### TASK DETAILS:
From the first line to the last, print the records exactly, leaving out the pictures.

### DATA SUPPLIED:
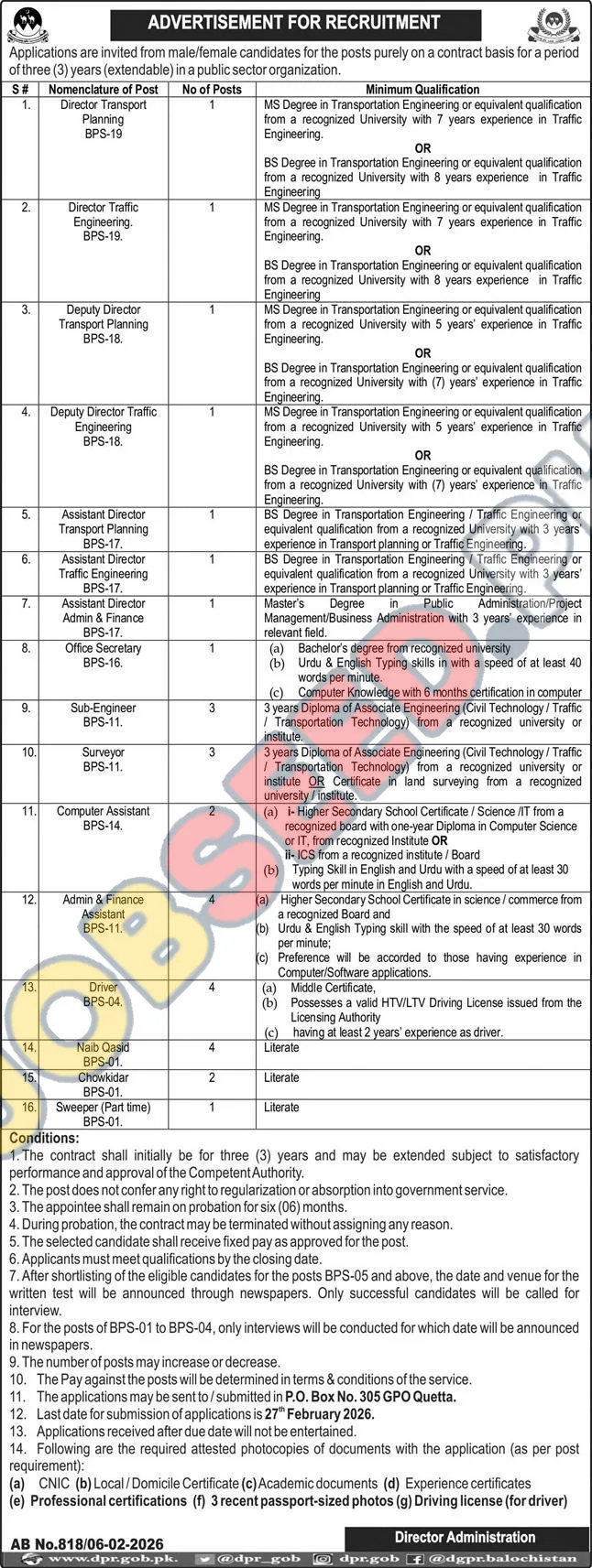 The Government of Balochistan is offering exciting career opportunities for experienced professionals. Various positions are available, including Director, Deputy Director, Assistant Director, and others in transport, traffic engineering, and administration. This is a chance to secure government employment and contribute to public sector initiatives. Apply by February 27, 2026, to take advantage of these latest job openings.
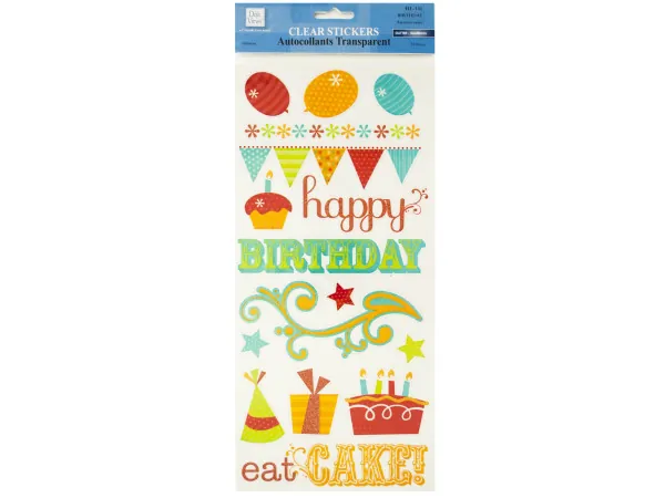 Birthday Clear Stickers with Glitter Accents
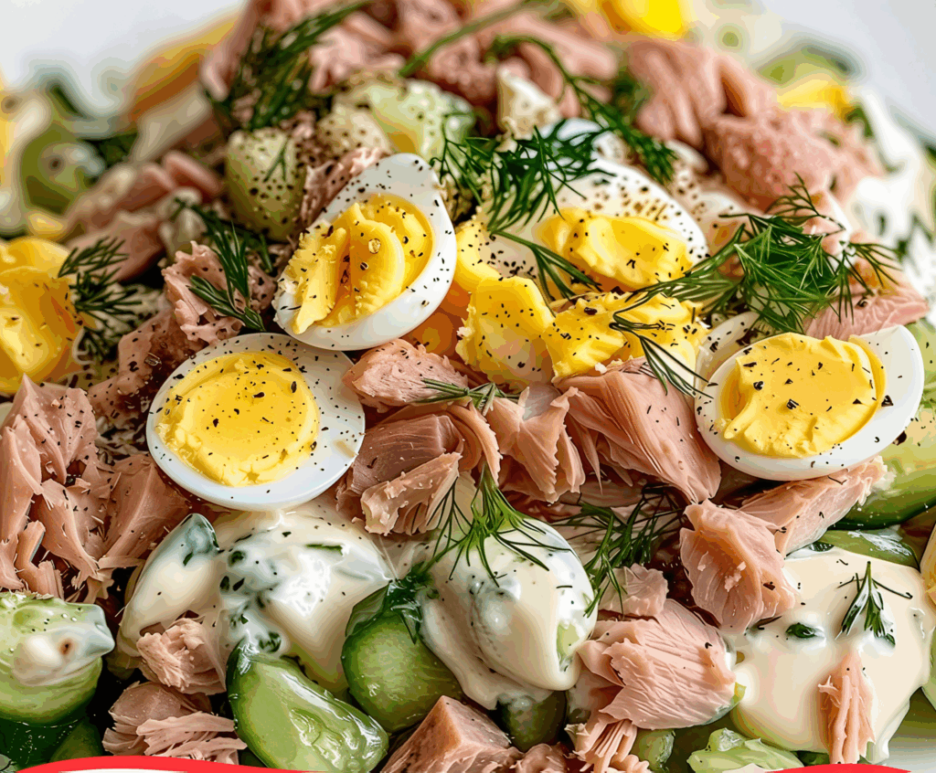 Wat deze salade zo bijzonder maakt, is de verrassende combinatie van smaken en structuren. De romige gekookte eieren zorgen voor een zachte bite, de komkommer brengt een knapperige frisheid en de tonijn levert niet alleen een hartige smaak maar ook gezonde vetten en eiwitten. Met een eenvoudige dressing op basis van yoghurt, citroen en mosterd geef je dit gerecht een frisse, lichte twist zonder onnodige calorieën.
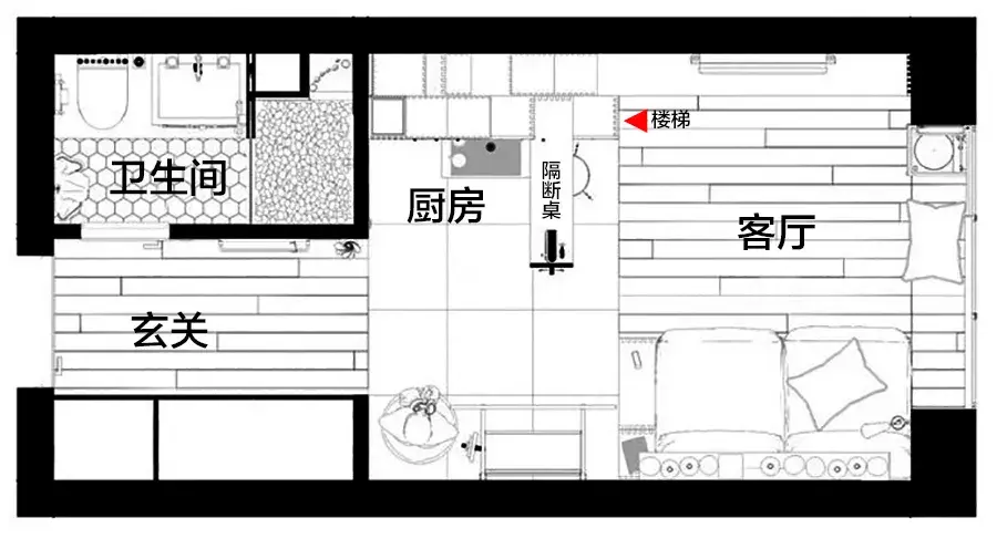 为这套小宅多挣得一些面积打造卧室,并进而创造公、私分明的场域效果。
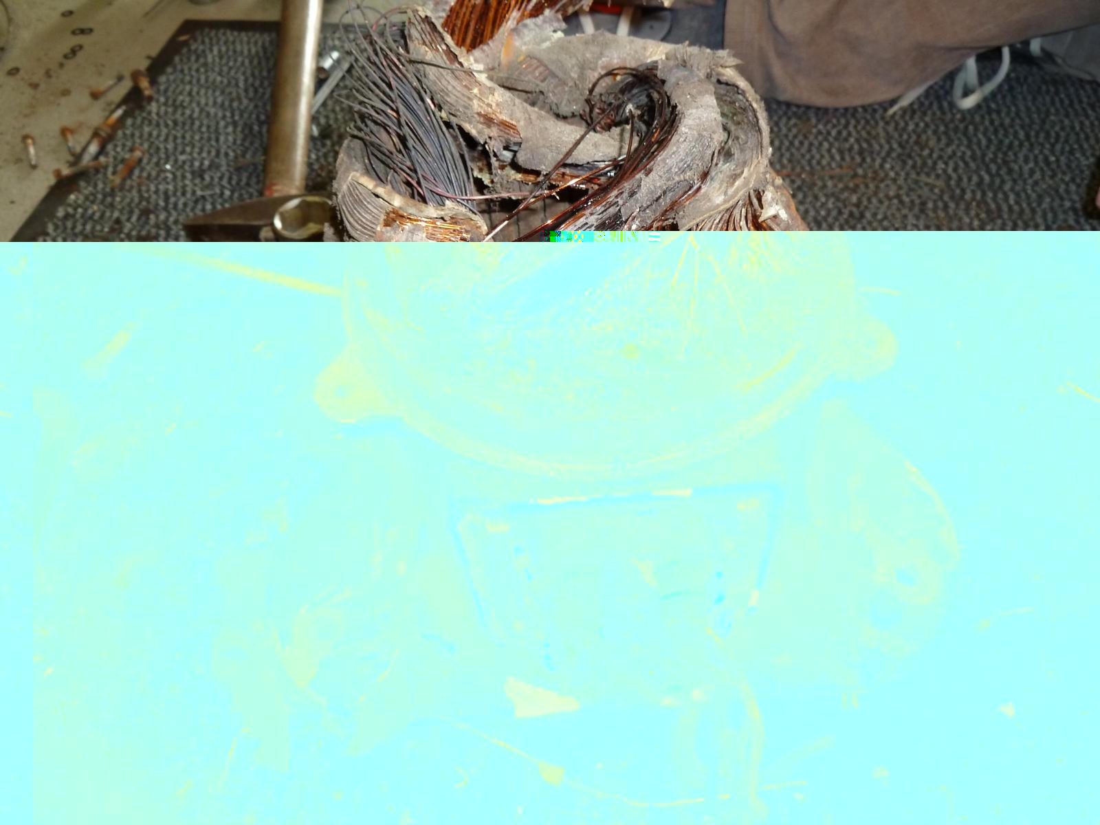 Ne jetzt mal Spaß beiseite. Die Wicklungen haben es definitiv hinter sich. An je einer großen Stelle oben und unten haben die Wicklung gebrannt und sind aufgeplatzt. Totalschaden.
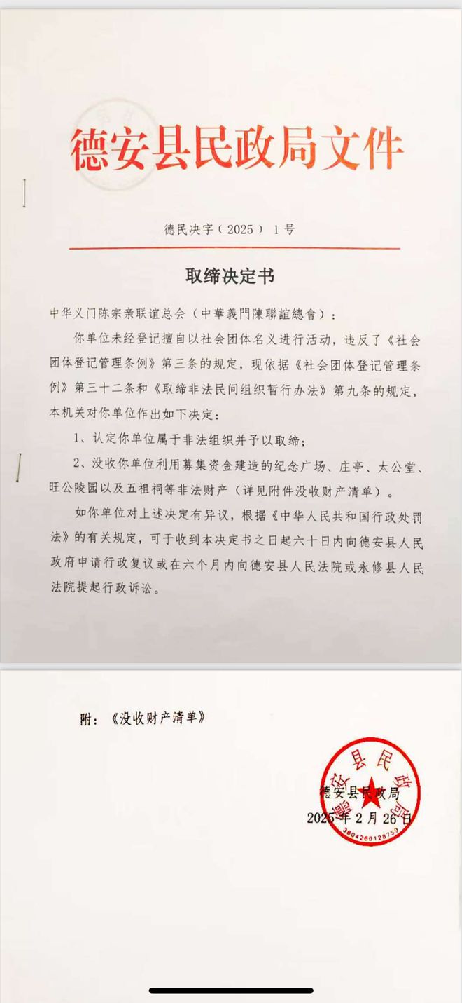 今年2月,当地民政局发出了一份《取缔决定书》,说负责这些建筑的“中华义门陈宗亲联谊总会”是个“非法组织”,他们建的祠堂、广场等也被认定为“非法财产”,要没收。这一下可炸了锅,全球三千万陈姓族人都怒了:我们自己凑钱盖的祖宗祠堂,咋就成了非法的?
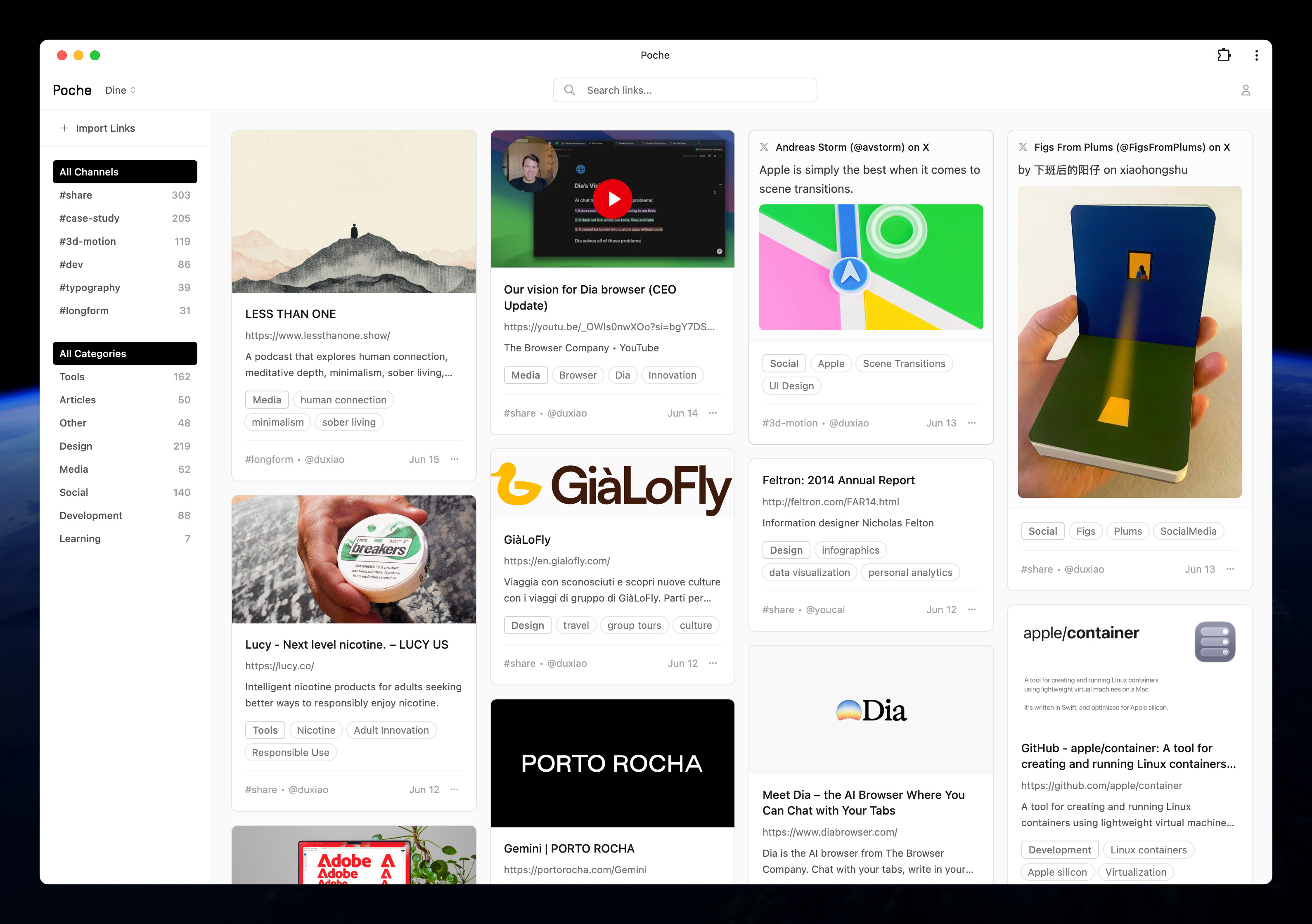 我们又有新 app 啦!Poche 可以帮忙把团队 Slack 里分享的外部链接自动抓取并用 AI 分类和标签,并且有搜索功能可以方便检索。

### ANSWER AREA:
 The Government of Balochistan is offering exciting career opportunities for experienced professionals. Various positions are available, including Director, Deputy Director, Assistant Director, and others in transport, traffic engineering, and administration. This is a chance to secure government employment and contribute to public sector initiatives. Apply by February 27, 2026, to take advantage of these latest job openings.
 Birthday Clear Stickers with Glitter Accents
 Wat deze salade zo bijzonder maakt, is de verrassende combinatie van smaken en structuren. De romige gekookte eieren zorgen voor een zachte bite, de komkommer brengt een knapperige frisheid en de tonijn levert niet alleen een hartige smaak maar ook gezonde vetten en eiwitten. Met een eenvoudige dressing op basis van yoghurt, citroen en mosterd geef je dit gerecht een frisse, lichte twist zonder onnodige calorieën.
 为这套小宅多挣得一些面积打造卧室,并进而创造公、私分明的场域效果。
 Ne jetzt mal Spaß beiseite. Die Wicklungen haben es definitiv hinter sich. An je einer großen Stelle oben und unten haben die Wicklung gebrannt und sind aufgeplatzt. Totalschaden.
 今年2月,当地民政局发出了一份《取缔决定书》,说负责这些建筑的“中华义门陈宗亲联谊总会”是个“非法组织”,他们建的祠堂、广场等也被认定为“非法财产”,要没收。这一下可炸了锅,全球三千万陈姓族人都怒了:我们自己凑钱盖的祖宗祠堂,咋就成了非法的?
 我们又有新 app 啦!Poche 可以帮忙把团队 Slack 里分享的外部链接自动抓取并用 AI 分类和标签,并且有搜索功能可以方便检索。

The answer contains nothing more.